What if you could go back in time and relive the prime years of your life, with all your memories and knowledge about the world to come intact? For Jeff Winston, a reporter stuck in a lifeless marriage, this classic fantasy comes true when he dies of a heart attack at age 43 in 1988 and awakens in 1963, a college freshman again. Once he gets his bearings, he does what many might do in the same situation: he gets filthy rich making sure bets and lives an entirely different life. Then, at age 43, he dies again, and the cycle restarts. Over the next several quarter-century sequences, Jeff tries different paths, such as marrying his college sweetheart, the sex and drug craze of the late 60’s, and living alone on a farm. Yet, each time through, it gets harder for him to know what choices are meaningful in a world that will just reset itself.
It probably wouldn't have occurred to me to read this novel if it hadn't been on sale at audible, given how dated it sounded. But, I'm glad I did. I found Replay to be an intelligent but accessible read, and the datedness wasn't an issue. If you're an American over age 25, the cultural and historical references are long-lived enough that you'll get most of them. Grimwood uses his premise cleverly. In some lives, Jeff tries to get to the bottom of his predicament, only to have things go awry because of some issue he hadn't considered. Other times, he simply tries to live, exploring different versions of relationships with people he had known before. I won't spoil the major twist that happens around the midway point of the novel, but it adds another dimension to his experiences, creating new hope, but also new pain.
As the novel progresses, Grimwood turns up the dramatic tension by having each new reincarnation go back less far into the past than the previous one did. What will happen when Jeff’s "rebirth" date catches up with his death date? What can he accomplish with the briefer and briefer time windows he has? I wouldn't call the writing complex, but the questions behind the story are poignant ones. What gives this kind of life meaning? Or any life? Can we ever achieve our full potential in any one branch? Is there some true core to each of us amid all the possibilities of what might have been? Could we love the same people again, if we met them as strangers? Or as lovers who had disappointed us? Or both?
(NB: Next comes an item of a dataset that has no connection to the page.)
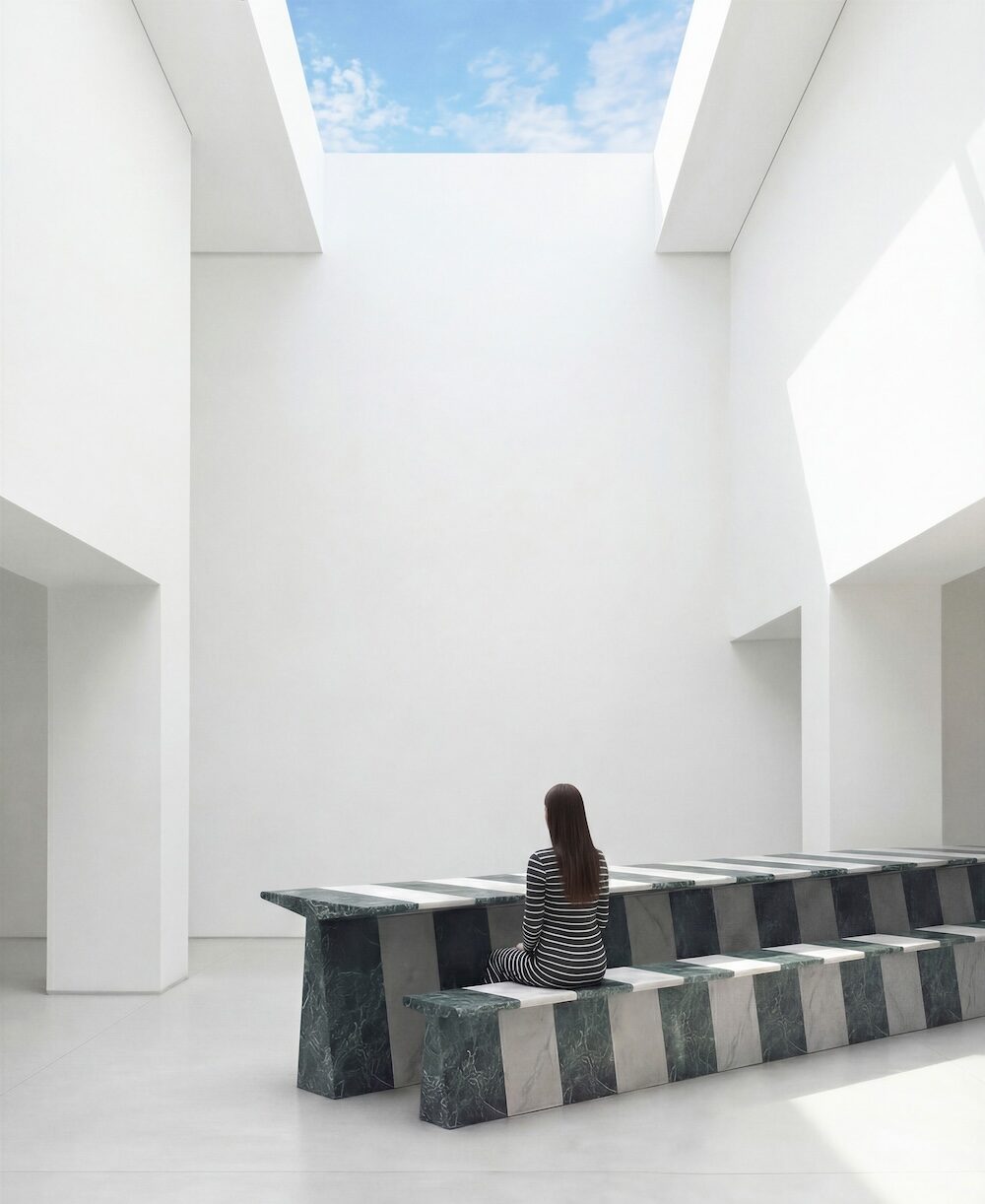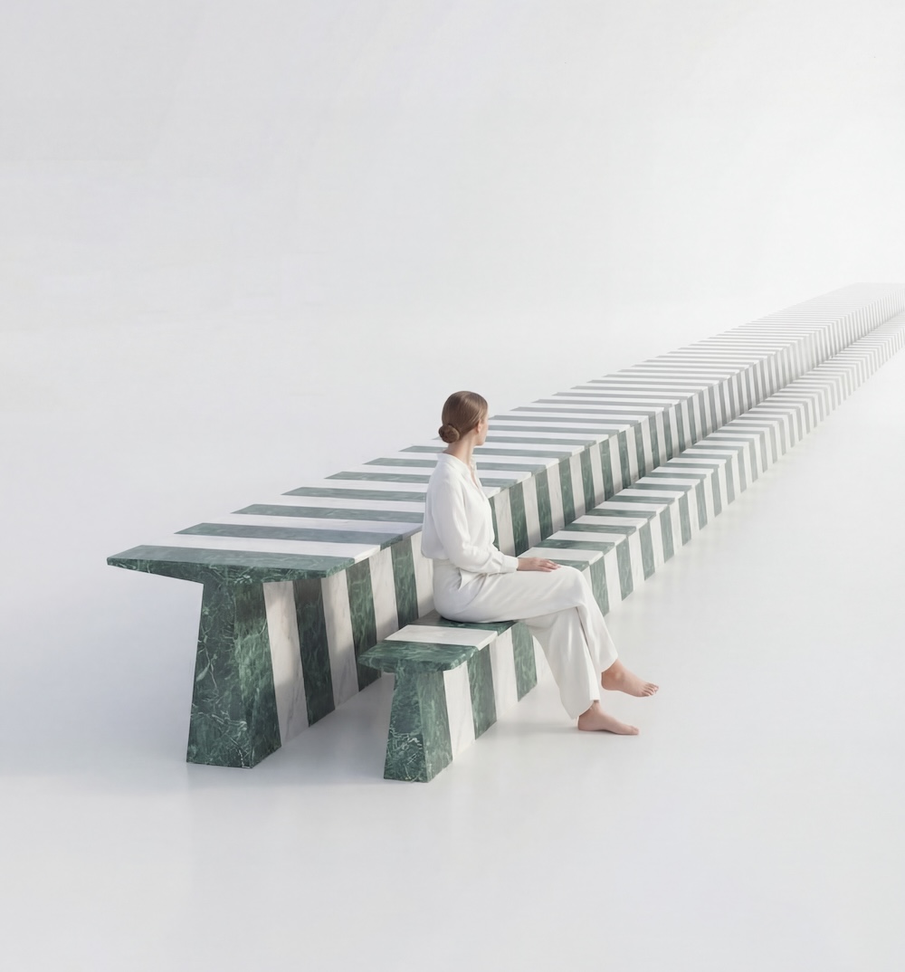 La bicromia bianco-verde richiama la tradizione lapidea toscana e rilegge in chiave contemporanea l’alternanza cromatica tipica dell’architettura storica, attraverso l’utilizzo del marmo Verde Alpi accostato al bianco. Il progetto mette così in relazione memoria materiale e sistema modulare contemporaneo, proponendo una riflessione sul rapporto tra artigianato, tecnologia e sostenibilità.

I won't give away the bittersweet conclusion, in which Jeff's cycle finally reaches its end, but it’s a thoughtful meditation on the necessary balance between control and acceptance. Ironically, there's an epilogue in which another character makes the jump from the mid-2010s to 1988. How abstractly in the future our time must have seemed to Mr. Grimwood when he wrote the novel!
In sum, this is a book I could easily recommend to most adult readers. It’s not difficult, and the basic human themes still hold up well. Audio narrator William Dufris doesn’t have a wide range, but I found his voice pleasant.